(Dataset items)
^^^^^^^^

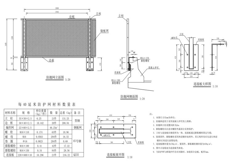2.防拋網(wǎng)適用于采用混凝土護(hù)欄的上跨橋。
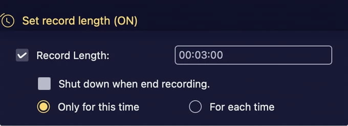 In the open window, set how long you want to record the video, and decide if it shuts down your computer after stopping recording. You can apply this setting to just this time, or for tasks.
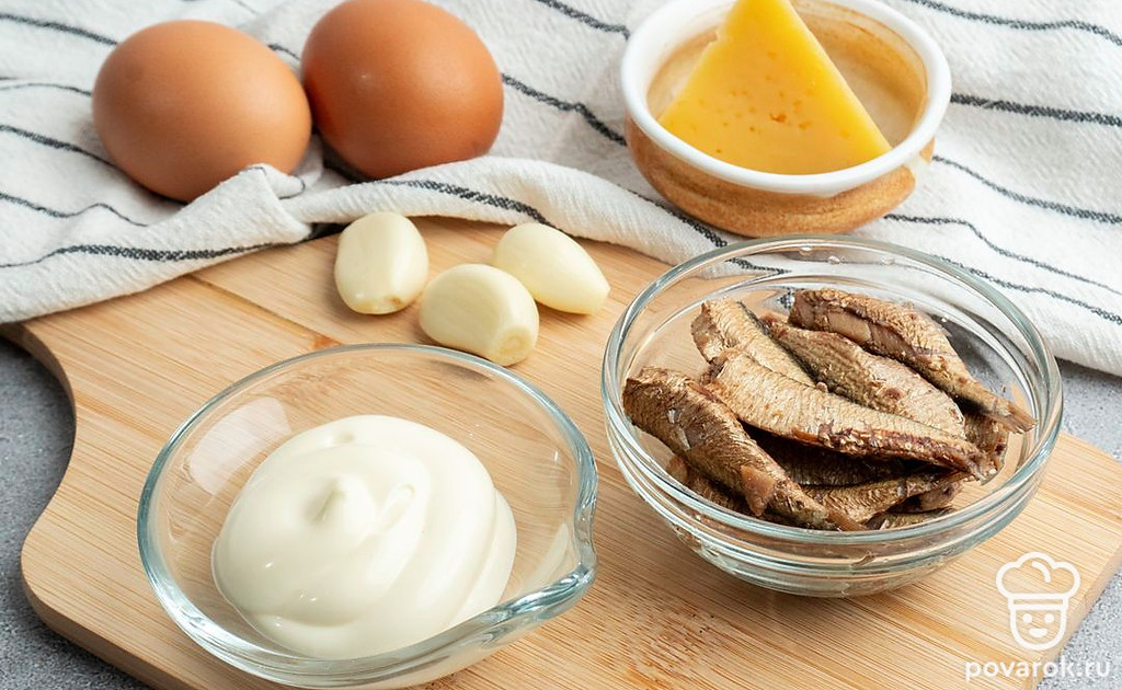 Отварите яйца в течение 10 минут и очистите от скорлупы. Разрежьте яйца пополам, выньте желток и положите его в отдельную посуду. Подготовьте 3 зубчика чеснока и шпроты.
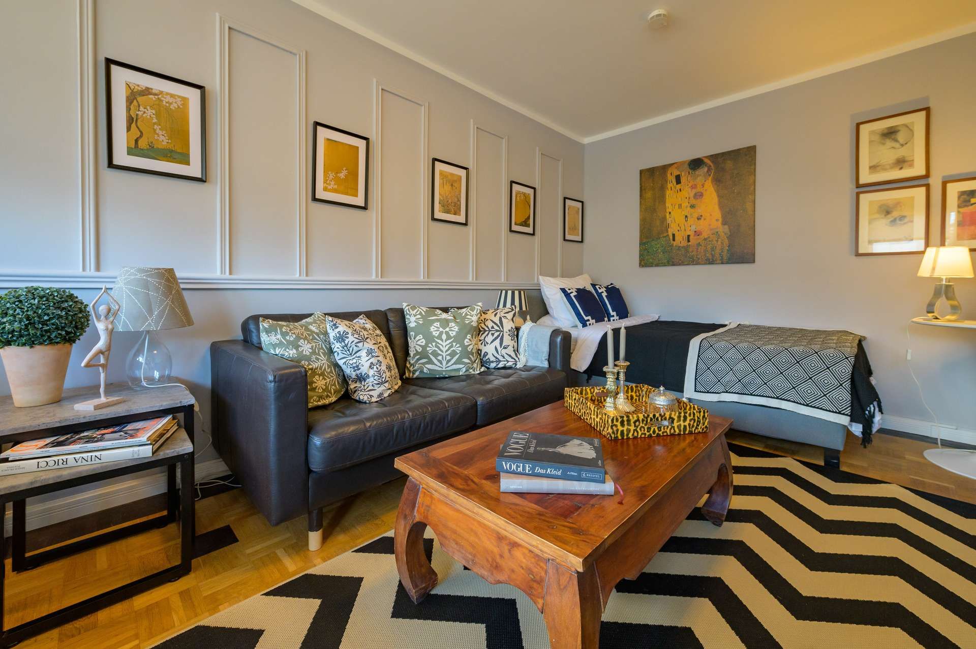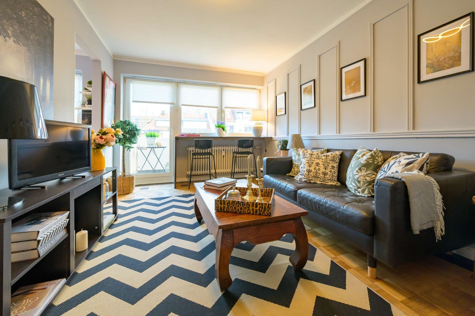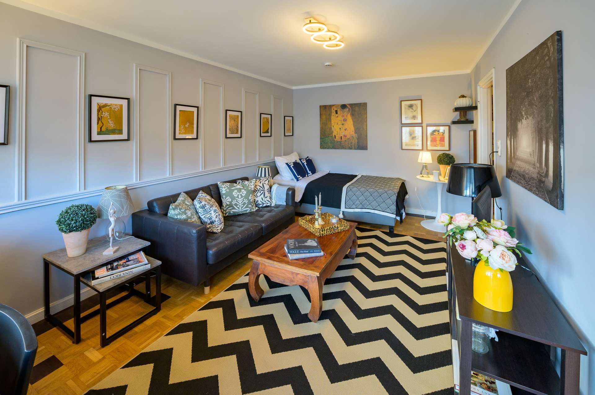 Die Immobilie umfasst ein stilvoll eingerichtetes Zimmer, eine separate Küche, ein modernes mit Marmor ausgestattetes Badezimmer sowie einen Balkon mit Blick in den ruhigen Garten.
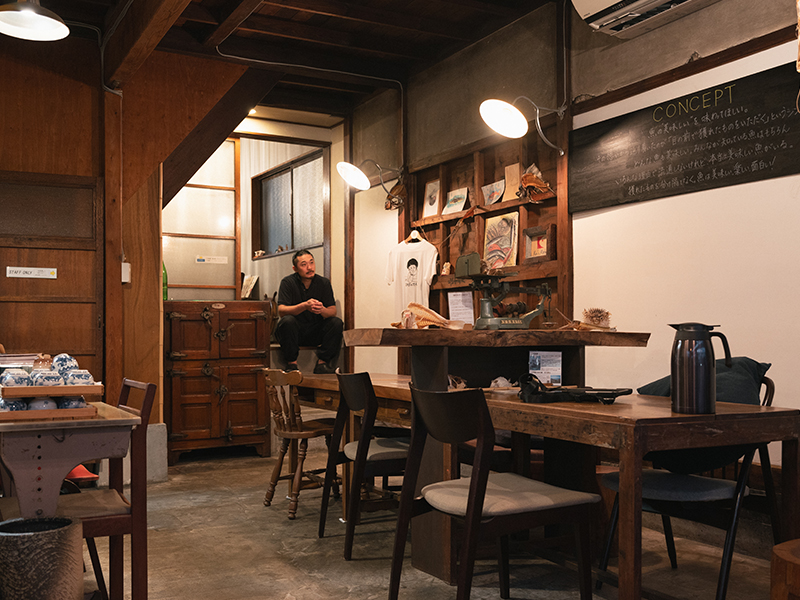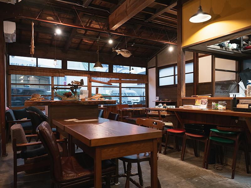 土間部分を利用して作られた店内。家具や調度品も古い建物にマッチしたレトロ風なものが多く、これらの多くも廃材や古い家具を利用したものだそうだ。
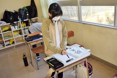 中学2年生は「新たな目標」「大志を抱く」から中学3年生は「旅立ちの春」「伝統を守る」からそれどれ一つを選択し、書きました。
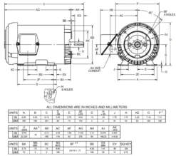 - Repositionable combination base – Holes and slots for NEMA 56, 56H, 143T and 145T mounting can be rotated for NEMA F-2 or F-3 conduit box locations (F-1 standard factory conduit box location)
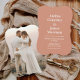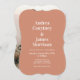 This personalized invitation template is fully customizable to suit any wedding theme, from a breezy beach ceremony to a chic late summer or fall celebration. Featuring a palette of cream, peach, coral, orange, rust, copper, and terracotta, this design captures the essence of a rosey sunset or citrus-themed event. It's perfect for those planning their nuptials during the warm and festive months of June, July, or August and embodies the spirit of boho disco weddings.
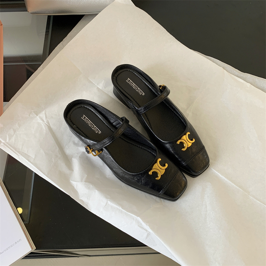 빈티지 메리 제인 신발 얕은 여성 신발 반 슬리퍼 2025 봄과 여름 새로운 금속 버클 두꺼운 힐 샌들스토어 가기
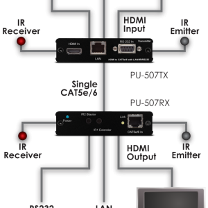 Wandelt das CAT Signal zurück in ein HDMI1.4 (max. 4k, 2k und 1080p) incl. Audio oder DVI Signals, HDMI CEC, LAN, IR und RS232 tw Signals über 1 UTP CAT5e (bis 80m) oder CAT6/7 (bis 100m) Kabel mit der HDBaseT Technologie.
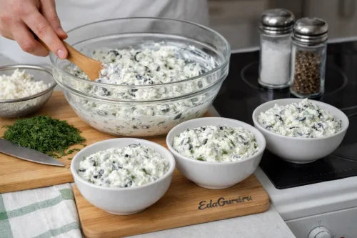 Творожный террин с перцами — холодная закуска, в которой сочетаются мягкий творог или свежий сыр и сладкий болгарский перец. Название «террин» пришло из французской кухни: так называют и керамическую форму, и блюда, которые в ней готовят или охлаждают слоями. В современной домашней кулинарии террины часто делают без запекания, особенно из творожных и овощных масс. Сладкий перец попал в европейскую кухню после открытия Америки, а позже стал важной частью средиземноморских и восточноевропейских блюд. Творожные закуски, наоборот, имеют давнюю местную традицию в славянской кухне. Поэтому такой террин можно считать удачным сочетанием европейской техники подачи и привычных продуктов.
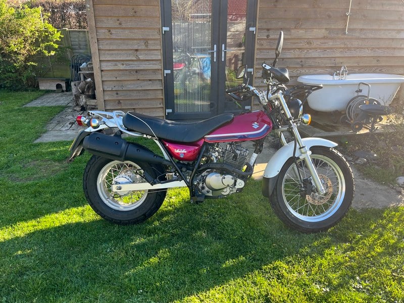 Suzuki RV125 VanVan, excelente exemplo não modificado. Poucos extras adicionados, rack frontal feito sob medida, protetores de mão, ponto de carregamento SAE / tomada de carregamento USB, corrente O-ring dourada. Teve uma nova MOT em 09/ 03/ 2026 sem avisos. A cor é Candy Magenta. A moto teve 3 donos anteriores e tem sido bem cuidada desde nova.
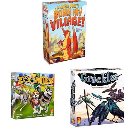 Grackles are noisy, iridescent birds that love to gather on telephone wires at sunset throughout the southwestern United States. In the lightly-themed abstract strategy game Grackles, you line up your birds on the telephone wire to score as many points as possible. Each turn, players choose between drawing and placing a tile, connecting two spots on the telephone wire with their birds, extending a line of birds, or rotating an empty tile. After the board has been built to five tiles by five tiles and all available pairs of spots on the telephone wire have birds on them, the player with the most birds on the telephone wire wins.
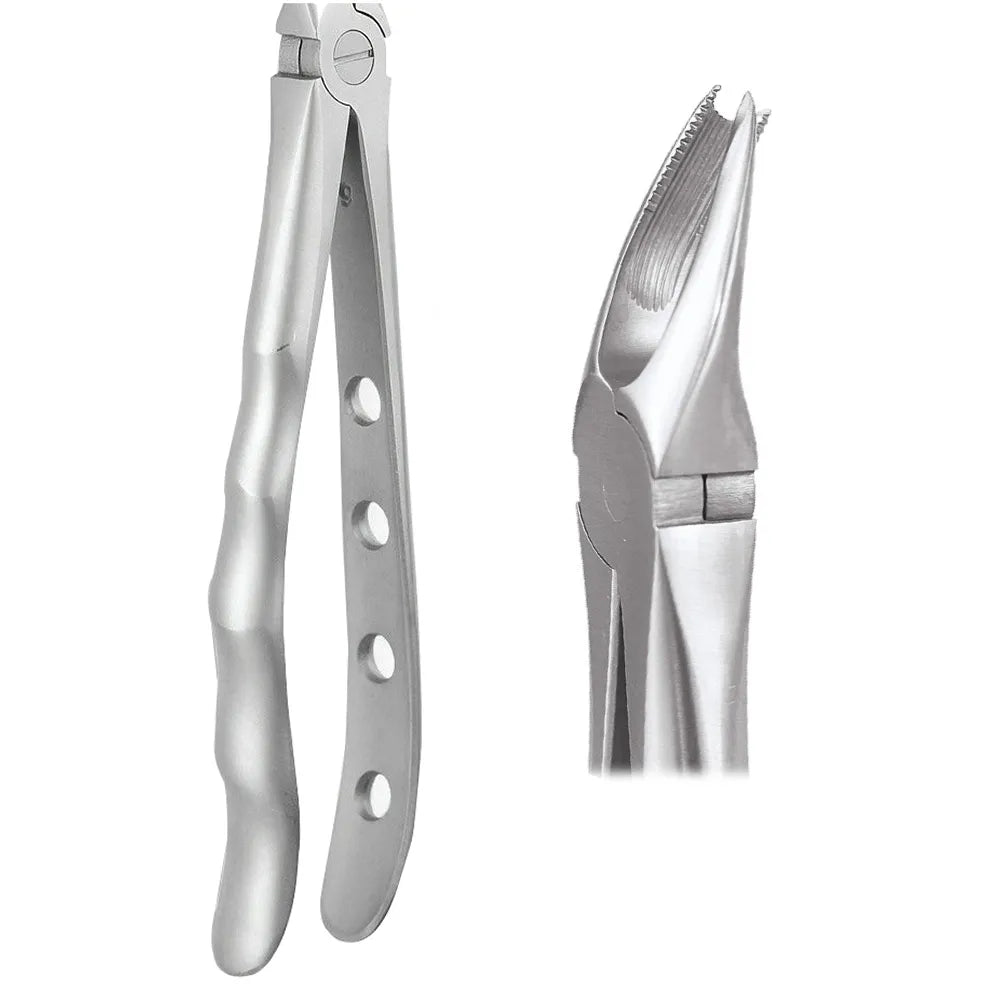 Upper Molars right, Used for dental extraction (also referred to as tooth extraction, exodontia, or exodontics): the removal of teeth from the dental alveolus (socket) in the alveolar bone.
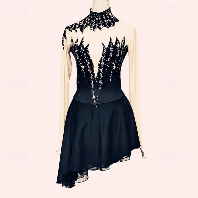 Why Choose Figure Skating Dress Women's Girls' Ice Skating Dress Black Red Thumbhole Asymmetric Hem Mesh Spandex Stretchy Training Practice Professional Skating Wear Thermal heated enduring Crystal / Rhinestone?

^^^^^^^^

* **What is expected**
Going by the data above, give back only the lines from the one containing "This personalized invitation" through the one containing "Творожный террин с", exactly as they stand, both ends included and no images.

* **Final answer**
 This personalized invitation template is fully customizable to suit any wedding theme, from a breezy beach ceremony to a chic late summer or fall celebration. Featuring a palette of cream, peach, coral, orange, rust, copper, and terracotta, this design captures the essence of a rosey sunset or citrus-themed event. It's perfect for those planning their nuptials during the warm and festive months of June, July, or August and embodies the spirit of boho disco weddings.
 빈티지 메리 제인 신발 얕은 여성 신발 반 슬리퍼 2025 봄과 여름 새로운 금속 버클 두꺼운 힐 샌들스토어 가기
 Wandelt das CAT Signal zurück in ein HDMI1.4 (max. 4k, 2k und 1080p) incl. Audio oder DVI Signals, HDMI CEC, LAN, IR und RS232 tw Signals über 1 UTP CAT5e (bis 80m) oder CAT6/7 (bis 100m) Kabel mit der HDBaseT Technologie.
 Творожный террин с перцами — холодная закуска, в которой сочетаются мягкий творог или свежий сыр и сладкий болгарский перец. Название «террин» пришло из французской кухни: так называют и керамическую форму, и блюда, которые в ней готовят или охлаждают слоями. В современной домашней кулинарии террины часто делают без запекания, особенно из творожных и овощных масс. Сладкий перец попал в европейскую кухню после открытия Америки, а позже стал важной частью средиземноморских и восточноевропейских блюд. Творожные закуски, наоборот, имеют давнюю местную традицию в славянской кухне. Поэтому такой террин можно считать удачным сочетанием европейской техники подачи и привычных продуктов.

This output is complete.